» **Problem to solve**: Your task is to restate word for word the lines in the material below, from the one with "株式会社営業ハック(本社:東" up to and including the one with "ゴールド&シルバー ペーストバーブローチ 40×16mm(5.4g)". Do not carry over the pictures.

» **Record extracts**:
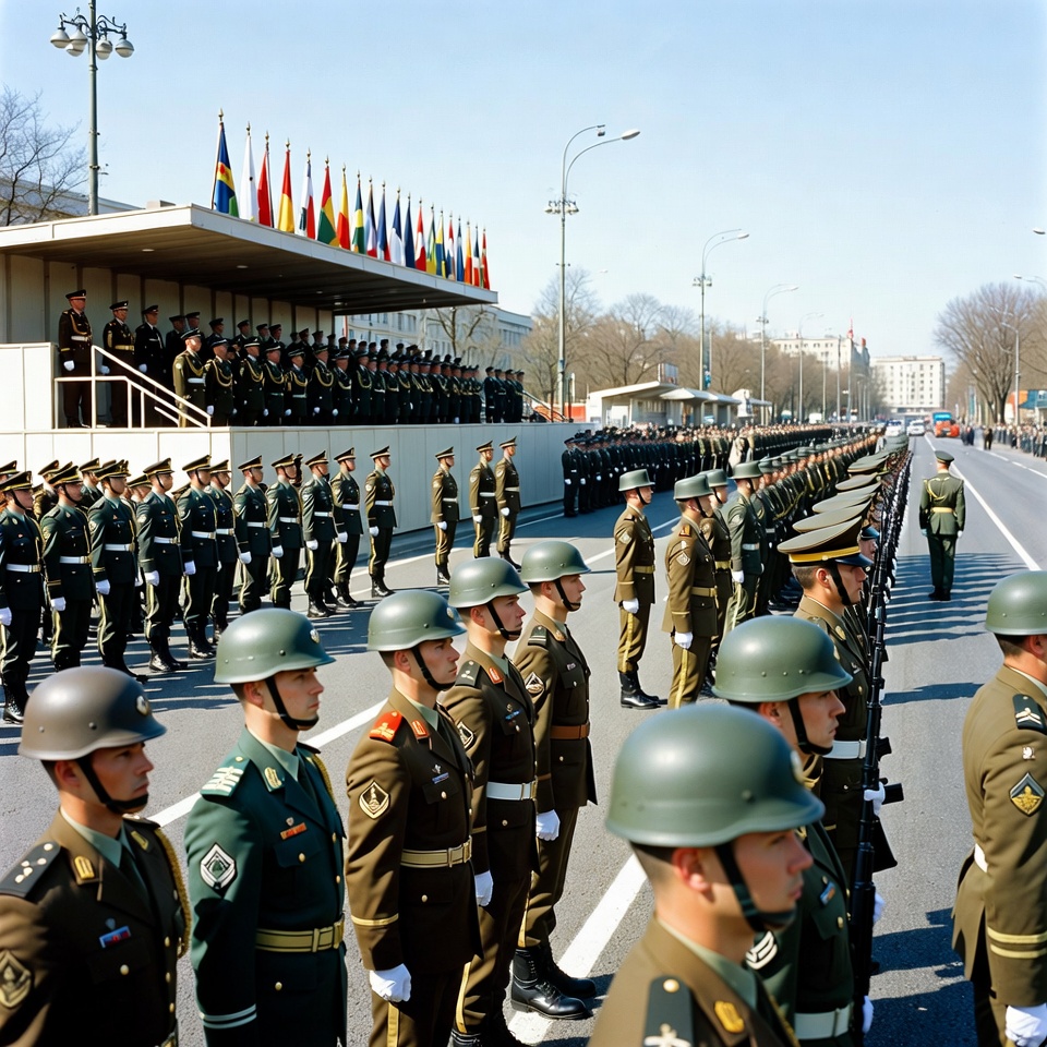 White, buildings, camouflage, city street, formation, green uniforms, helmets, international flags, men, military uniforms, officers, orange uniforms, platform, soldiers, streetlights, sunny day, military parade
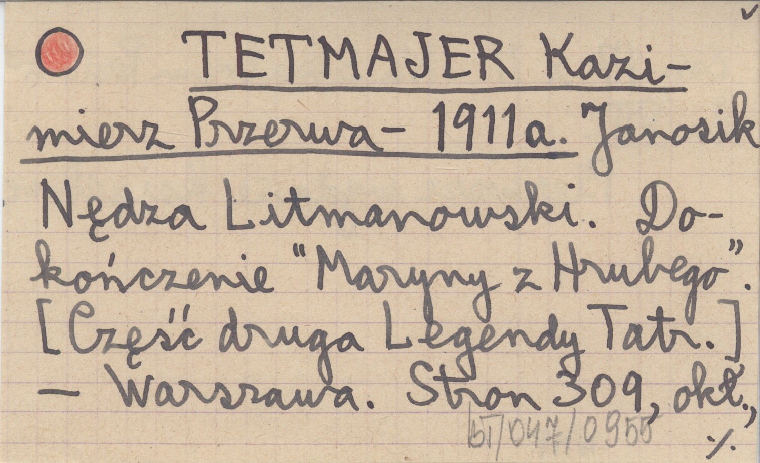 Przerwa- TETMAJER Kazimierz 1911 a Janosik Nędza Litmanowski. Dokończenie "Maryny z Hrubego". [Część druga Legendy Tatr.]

==

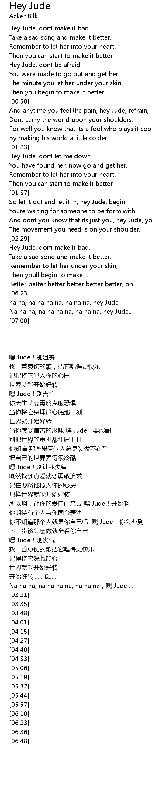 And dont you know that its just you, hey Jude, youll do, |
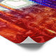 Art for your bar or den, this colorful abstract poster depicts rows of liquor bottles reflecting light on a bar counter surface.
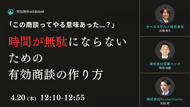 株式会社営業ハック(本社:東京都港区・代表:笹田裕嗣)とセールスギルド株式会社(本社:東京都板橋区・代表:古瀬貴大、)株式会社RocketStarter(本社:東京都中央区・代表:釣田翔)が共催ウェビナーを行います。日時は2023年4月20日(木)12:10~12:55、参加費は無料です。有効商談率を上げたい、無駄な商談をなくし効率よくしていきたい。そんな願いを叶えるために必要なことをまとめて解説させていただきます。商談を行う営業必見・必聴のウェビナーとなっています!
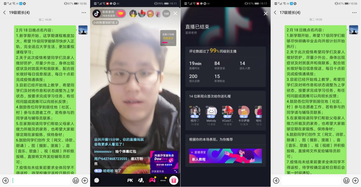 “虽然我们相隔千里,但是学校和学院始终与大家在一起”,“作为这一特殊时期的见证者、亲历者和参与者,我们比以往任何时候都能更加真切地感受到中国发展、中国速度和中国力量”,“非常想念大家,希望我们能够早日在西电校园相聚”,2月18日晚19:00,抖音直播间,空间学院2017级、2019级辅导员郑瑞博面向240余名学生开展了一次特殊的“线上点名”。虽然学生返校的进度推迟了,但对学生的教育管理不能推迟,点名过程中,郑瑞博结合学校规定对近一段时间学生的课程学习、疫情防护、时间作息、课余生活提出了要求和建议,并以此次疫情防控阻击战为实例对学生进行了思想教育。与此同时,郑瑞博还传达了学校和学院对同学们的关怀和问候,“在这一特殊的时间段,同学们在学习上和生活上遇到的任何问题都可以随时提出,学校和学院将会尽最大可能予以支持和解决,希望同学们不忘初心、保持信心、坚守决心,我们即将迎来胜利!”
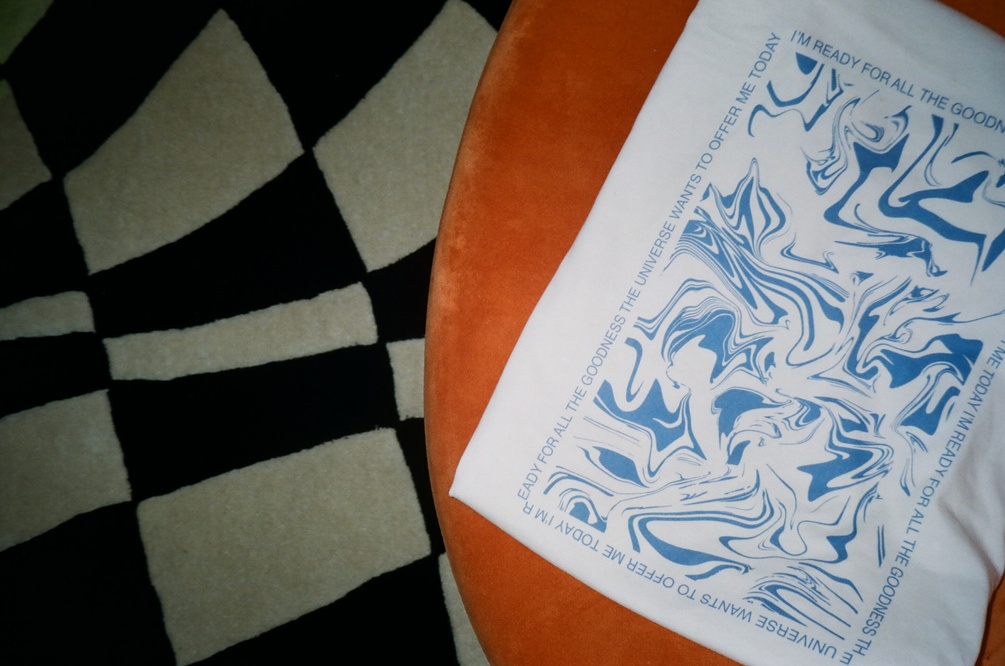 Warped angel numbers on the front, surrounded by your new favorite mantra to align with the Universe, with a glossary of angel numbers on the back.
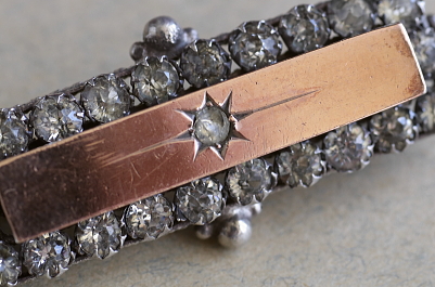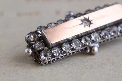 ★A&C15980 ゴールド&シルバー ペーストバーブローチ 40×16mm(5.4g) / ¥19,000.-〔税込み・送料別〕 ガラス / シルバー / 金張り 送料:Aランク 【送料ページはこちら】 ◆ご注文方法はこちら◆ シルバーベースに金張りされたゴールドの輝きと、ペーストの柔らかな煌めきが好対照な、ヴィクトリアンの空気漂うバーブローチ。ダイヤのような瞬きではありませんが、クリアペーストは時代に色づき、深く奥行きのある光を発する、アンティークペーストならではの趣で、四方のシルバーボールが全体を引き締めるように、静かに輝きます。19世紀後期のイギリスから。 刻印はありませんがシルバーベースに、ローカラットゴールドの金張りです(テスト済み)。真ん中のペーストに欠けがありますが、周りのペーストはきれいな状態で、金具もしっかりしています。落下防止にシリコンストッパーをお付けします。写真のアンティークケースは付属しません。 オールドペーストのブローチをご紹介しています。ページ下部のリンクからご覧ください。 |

» **Exercise result**:
 株式会社営業ハック(本社:東京都港区・代表:笹田裕嗣)とセールスギルド株式会社(本社:東京都板橋区・代表:古瀬貴大、)株式会社RocketStarter(本社:東京都中央区・代表:釣田翔)が共催ウェビナーを行います。日時は2023年4月20日(木)12:10~12:55、参加費は無料です。有効商談率を上げたい、無駄な商談をなくし効率よくしていきたい。そんな願いを叶えるために必要なことをまとめて解説させていただきます。商談を行う営業必見・必聴のウェビナーとなっています!
 “虽然我们相隔千里,但是学校和学院始终与大家在一起”,“作为这一特殊时期的见证者、亲历者和参与者,我们比以往任何时候都能更加真切地感受到中国发展、中国速度和中国力量”,“非常想念大家,希望我们能够早日在西电校园相聚”,2月18日晚19:00,抖音直播间,空间学院2017级、2019级辅导员郑瑞博面向240余名学生开展了一次特殊的“线上点名”。虽然学生返校的进度推迟了,但对学生的教育管理不能推迟,点名过程中,郑瑞博结合学校规定对近一段时间学生的课程学习、疫情防护、时间作息、课余生活提出了要求和建议,并以此次疫情防控阻击战为实例对学生进行了思想教育。与此同时,郑瑞博还传达了学校和学院对同学们的关怀和问候,“在这一特殊的时间段,同学们在学习上和生活上遇到的任何问题都可以随时提出,学校和学院将会尽最大可能予以支持和解决,希望同学们不忘初心、保持信心、坚守决心,我们即将迎来胜利!”
 Warped angel numbers on the front, surrounded by your new favorite mantra to align with the Universe, with a glossary of angel numbers on the back.
 ★A&C15980 ゴールド&シルバー ペーストバーブローチ 40×16mm(5.4g) / ¥19,000.-〔税込み・送料別〕 ガラス / シルバー / 金張り 送料:Aランク 【送料ページはこちら】 ◆ご注文方法はこちら◆ シルバーベースに金張りされたゴールドの輝きと、ペーストの柔らかな煌めきが好対照な、ヴィクトリアンの空気漂うバーブローチ。ダイヤのような瞬きではありませんが、クリアペーストは時代に色づき、深く奥行きのある光を発する、アンティークペーストならではの趣で、四方のシルバーボールが全体を引き締めるように、静かに輝きます。19世紀後期のイギリスから。 刻印はありませんがシルバーベースに、ローカラットゴールドの金張りです(テスト済み)。真ん中のペーストに欠けがありますが、周りのペーストはきれいな状態で、金具もしっかりしています。落下防止にシリコンストッパーをお付けします。写真のアンティークケースは付属しません。 オールドペーストのブローチをご紹介しています。ページ下部のリンクからご覧ください。 |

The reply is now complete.